Posted on • Originally published at timbourguignon.fr

Ines Montani brought linguistic and computers together... and other things I learned recording her DevJourney (#122)

This week, I published Ines Montani's #DevJourney story on my eponym Podcast: Software developer's Journey. Among many other things, here are my main personal takeaways:

  • Ines was a very creative child. She wrote magazines and recorded stories on a tape recorder early on. Computers showed up in her life at the right time. It enhanced her creativity. Not long after receiving her first computer, she published her first personal websites and unleashed her creativity online for her family and friends to see. Ines also discovered groups of likeminded teenage girls, who shared their findings and creations. This was definitely a confidence booster. But when came the time to chose her studies, Ines went decided against computer-sciences and chose "communication & media sciences with linguistics" instead.
  • Thanks to Ines, I discovered Greymatter and realized static websites like Jekyll have gone full circle.
  • Ines was pretty disappointed with the university. She was expecting the "German idea of academic-life, free-spirit a lot of free-thinking and writing". Instead, it "felt like school all over again".
  • After her bachelor studies ended, Ines worked in retail. Far from signing off this part of her life where she was miles away from linguistics and even further away from computers, she describes it as a "great learning opportunity to learn how to approach people and sell"... which proved itself very useful when creating a company.
  • While she was working for a media company, she rediscovered CSS3 and Web-Development. That's where the fire started burning again and set the groundwork for her current path.
  • Again Ines is the perfect example that success comes when one manages to bring a bunch of diverse skills together.
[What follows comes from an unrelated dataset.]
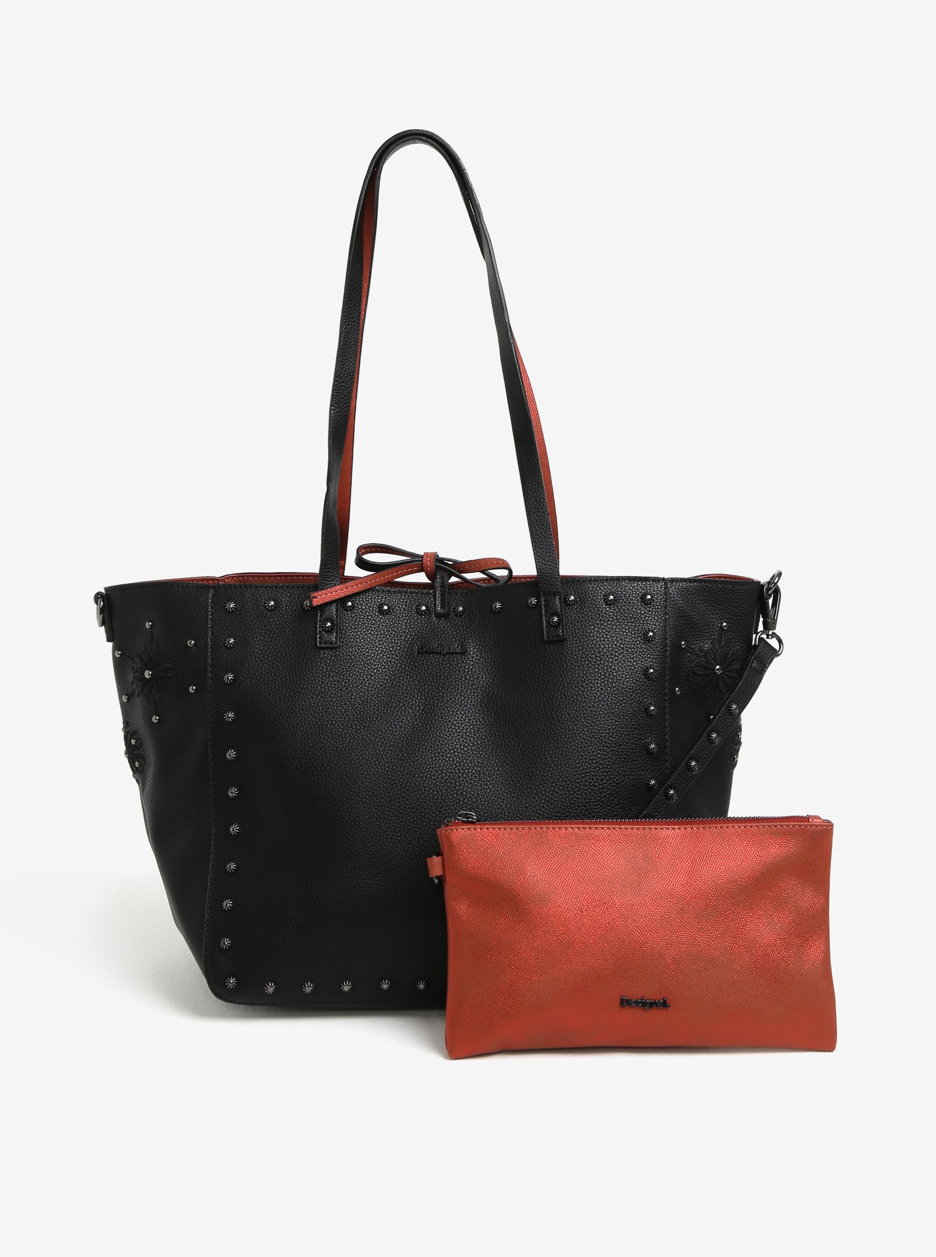 Černo-cihlový oboustranný shopper s psaníčkem 2v1 Desigual Portland

Ines is a skilled web developer, a linguist, a creative person, and a product person. In hindsight, all those skills put together are the perfect (explosive) cocktail to create a startup in the computer linguistic space.
  • The Spacy product was originally created by Matt Honnibal. He came up with the idea of Spacy when he realized that his Ph.D. research code started being used in the industry. He met Ines early on and asked her to create a syntax visualizer for his product. She thought "booooring" and she almost turned him away. You never know what will come out of the chances you take. So be bold!
  • Having developers as customers is great. It makes it easier to relate with the customers directly and dog feed your product.
  • Ines and Matt decided against the "consulting model" of earning money with an open-source project, because this is a very difficult line to live by. Either you make your product very easy to use (as it should be) and you have a hard time selling your consulting. Or you make it hard to use... and you don't get any users and thus no consulting either. Instead, they created a second product called Prodigy that feeds into Spacy and obviously works well with it. This has been working well for them so far.
  • "The biggest value is in the specific and custom problems" said Ines. And a few sentences later "a lot of the high values use-cases are kind of boring, like oil drilling. Your software is making a huge difference, but you are not feeling like wanting to know more". This is a quote I am still pondering, especially in the light of the "purpose" aspect of intrinsic motivation (see "Drive" from Daniel Pink). Would it be enough for me to create a software that is making a huge difference to someone, but in a field that I dislike?

Advice:

  • "Advice are the worst, don't listen to random advice, because it might not be relevant to your situation at all" ;)

Quotes:

  • "I was always into writing things, making things, drawing things [...] the computer-enhanced this creativity, it gave me more options"
  • "I'm bad at learning, I do things and I pick something up along the way"
  • "The biggest value is in the specific and custom problems"
  • "We can train a system to predict the next word, but there is more to understanding a text than just the words"
  • "There is a great relief, satisfaction, and value in thinking and reasoning about things"

Thanks, Ines for sharing your story with us!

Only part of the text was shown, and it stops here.